When your using or experimenting with radio devices there is often the need to measure power levels at radio frequencies. This can be the power output of a small radio module, 10mW at 433Mhz or the signal power seen by a receiver, –100dBm. The receiver power is often referred to as the RSSI.

Measuring RF power under 100mW, with accuracy, is not so easy as a lot of RF power meters of the type used by radio amateurs often have a minimum power input in the 1W region.

There are now available some low cost RF power meters, which have a wide frequency range of up to 8Ghz and measure power in dBm from –5dBm to –55dBm. One such is shown in the picture, it was purchased on eBay for around £20.

If these meters can measure only from –5dBm to –55dBm, and you want to measure the 2dBm output from a LoRa® module you need to use an inline attenuator, 20dB or 30dB for example. With the power meter connected through the attenuator and the LoRa® module set to transmit a 2dBm carrier,  if the power meter is accurate, then it ought to display –28dBm. See picture for the setup. The LoRa® module is on a plug in breadborad friendly module, so it can easily be moved between different controller boards.


And here lies a problem, how do you know your (cheap) power meter is accurate?

The simple way is to take the power meter somewhere and get it calibrated, but I decided it would be more useful to calibrate the transmitted power output of a LoRa® module and then keep it as a reference.
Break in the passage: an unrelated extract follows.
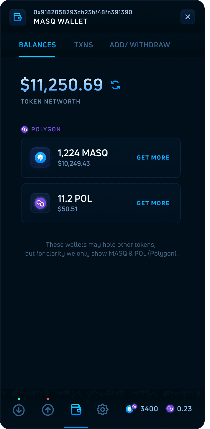 MASQ comes packed with Web3 Wallets across different blockchains out of the box – because we believe in the future of finance should be accessible by all and ready to use as soon as you start MASQ!
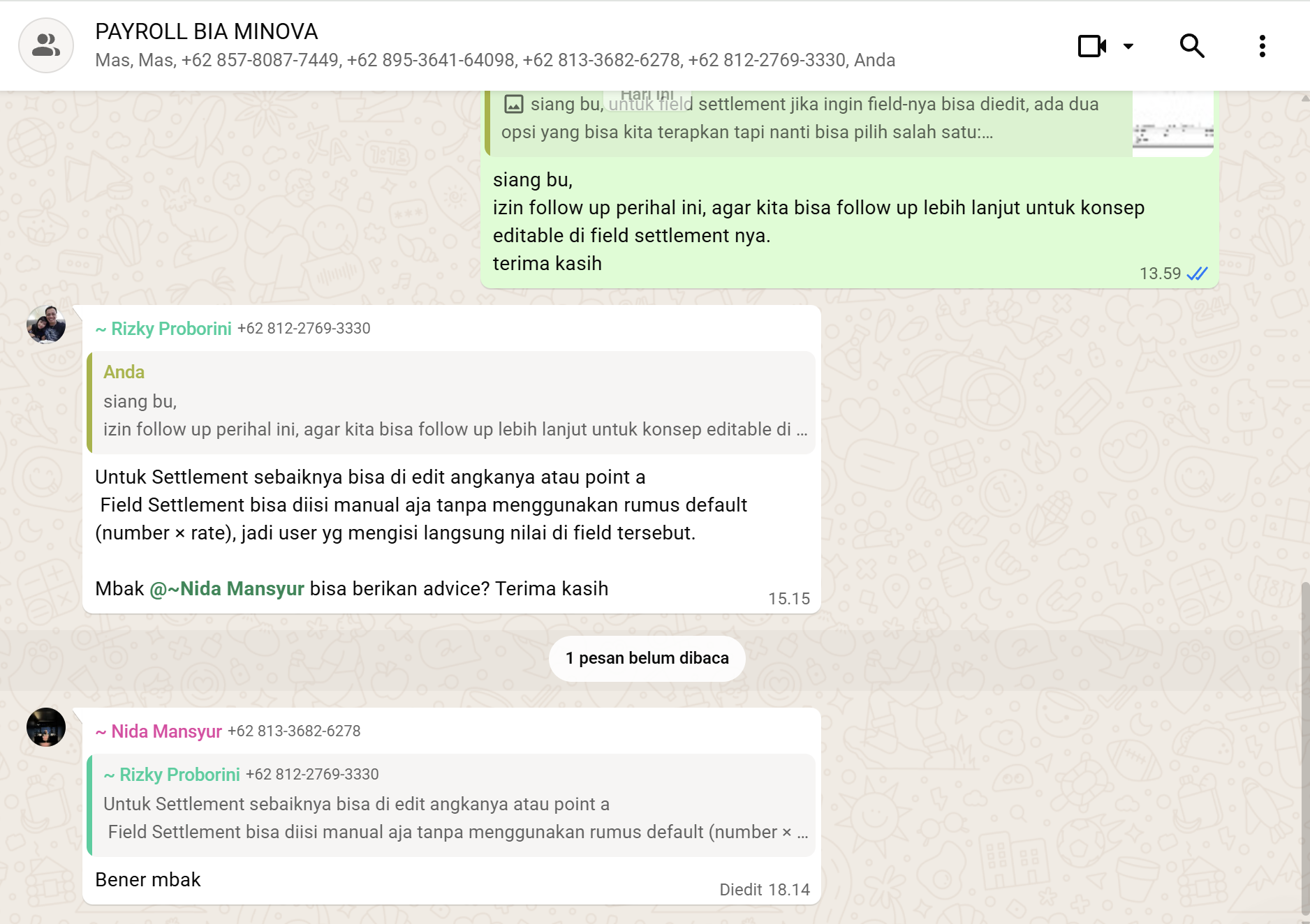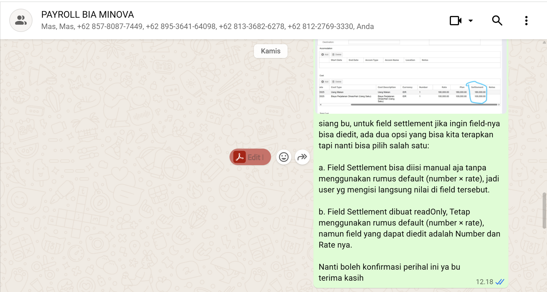 - Field Settlement bisa diisi manual aja tanpa menggunakan rumus (number * rate) jadinya default 0, nanti user yang mengisi langsung nilai nya di field tersebut

If I know that a specific LoRa® module puts out 9.8dBm when set to 10dBm, I can be keept as a long term reference and as long as I take care when using it, always have an antenna connected for instance, then it ought to be stable for quite some time.

In the centre of Cardiff is Eagle labs;


It’s run by Barclays and Legal & General with RadioSpares providing equipment in the electronics lab. Part of this equipment is a spectrum analyser (RSSA PRO 3032X) and it’s got a  proven calibration history. So my plan was to book a session at Eagle labs and use their spectrum analyser  to ‘calibrate’ the power output of a 434Mhz and 868Mhz LoRa® module.

I wrote a simple test program that for the 433Mhz and 868mHz modules that transmitted RF carrier for a couple of seconds at 17dBm, 10dBm and 2dBm, I used a 20dB attenuator between the LoRa® module and the spectrum analyser.

I got these results for 434mhz;

LoRa® device programmed power output       17dBm          10dBm               2dBm

Measured power 434mHz                            -4.6dBm        -11.3dBm          -18.6dbm

LoRa® device actual power 434mHz              15.4dBm         8.7dBm            1.4dBm

For the 868Mhz tests I have included the readings of the power meter with a total of 30dB of attenuator in line, these were the results;

LoRa® device programmed power output       17dBm           10dBm               2dBm

Measured power 868mHz                            -4.1dBm         -10.3dBm          -18.5dbm

LoRa® device actual power 868mhz               15.9dBm         9.7dBm             1.5dBm

Power meter indication (30dB att)                -13.1dBm       -19.3dBm           -27.6dBm

Power Meter corrected  +29dBm                   15.9dBm        10.7dBm             2.6dBm


The key point from the above measurements is that I know that my 868mHz module puts out 15.9dBm when set to 17dBm.

With a 30dB attenuator in use the power meter indicates –13.1dBm. Now 30dBm (because of the attenuator) below an actual power of 15.9dBm is –14.1dBm, so with the power meter actually reading –13.1dBm, its reading 1dBm lower than it should be. The power meter has an offset you can set, so if I set the offset to 29dBm, then when the actual power is 15.9dBm, the power meter will read 15.9dBm due to the effect of the attenuators.

I know that all sounds a bit long winded, but the end result is that I have a relatively cheap power meter (£20) that has been adjusted to give accurate results. Of course its entirely possible to calibrate the power meter directly, but since I now have a LoRa® module that puts out a known amount of power I can keep it and use it to check this or other power meter or attenuators in the future. And then of course with enough attenuators in line, I can also use the calibrated LoRa® modules to check the RSSI readings of various radio receivers.